A resposta pública à epidemia do covid-19 veio evidenciar algumas características estruturais da vida de quem trabalha. Um destes traços é percetível nas imagens das carruagens de comboios que, ao contrário das fotos de ruas de cidades vazias, não assinalam qualquer fuga à normalidade. Nelas é possível reconhecer os «agentes de saúde pública» de terceira linha que nunca deixaram de apanhar transportes para o emprego nas limpezas, nas entregas ou no supermercado, apesar de todos os riscos implicados. Se até aos dias de hoje este tipo de trabalho intensivo e mal remunerado constituía a derradeira forma de sobrevivência, em alternativa ao desemprego, a sua atual função “é subitamente contrariada pelo facto de o trabalho poder efetivamente resultar na morte de um número suficiente de proletários”. [1]
1. Joshua Clover, “66 dias”. Disponível em https://www.revistapunkto.com/2020/06/66-dias-joshua-clover.html, consultado a 19.06.20.
Um segundo elemento é providenciado pelas interligações suportadas pelas novas tecnologias digitais. Através destas, milhares de pessoas passaram a trabalhar a partir de casa, um fenómeno que vem dificultar a identificação da linha de fronteira entre o trabalho e o resto da vida. Embora esta modalidade continue a ser apanágio de um tipo de trabalhador dito «qualificado», uma das principais mudanças verificadas foi o seu alargamento a empresas que estão longe de se enquadrar nesta categoria, como o das centrais de atendimento (call-centre). Neste caso, a deslocalização para o interior das habitações não implicou grandes mudanças na rotina de produção, dadas as amplas possibilidades de monitorização e vigilância de que as empresas podem auferir.

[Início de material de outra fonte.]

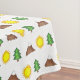 Tablecloth print features an original marker illustration of a row of pine trees, yellow sunshines, and snow-capped mountains. Great for a camper or outdoor enthusiast.

Por fim, na economia dos efeitos provocados pelo encerramento de estabelecimentos comerciais e unidades produtivas, um dos segmentos mais prejudicados foi o do «trabalho independente», arrastando consigo setores profissionais, como o da cultura, onde este tipo de vínculo funciona como o mediador contratual por excelência. Tal fenómeno não só vem colocar em causa a relação entre flexibilidade e aumento de emprego, como a próprio figura proa do neoliberalismo, o empreendedor, cuja iniciativa passou, por estes dias, a concentrar-se na obtenção de subsídios e apoios públicos.
Estas mudanças traduzem, conforme mencionado, componentes estruturais das relações de trabalho. O objetivo deste ensaio é produzir uma reflexão em torno destes elementos, procurando analisar a reconfiguração das formas de trabalho e de emprego ao longo das últimas décadas e questionar até que ponto é que esta reproduz uma lógica subjacente ao modo de produção capitalista.
A imaterialidade do trabalho
Derivado do termo em latim tripalium, um objeto de tortura medieval, a ideia de trabalho remete comummente para uma noção de esforço e de sacrifício. Em fábulas infantis, como a da cigarra e da formiga, ou ditados populares – «mais vale quem muito trabalha do que quem muito madruga» – o trabalho é contraposto a uma esfera de prazer e de hedonismo. Mesmo nas profissões, cujo exercício vocacional passa por uma “entrega apaixonada a uma causa”, [2] a expressão de uma crença acaba por ser enquadrada num código de conduta ao qual se presta juramento.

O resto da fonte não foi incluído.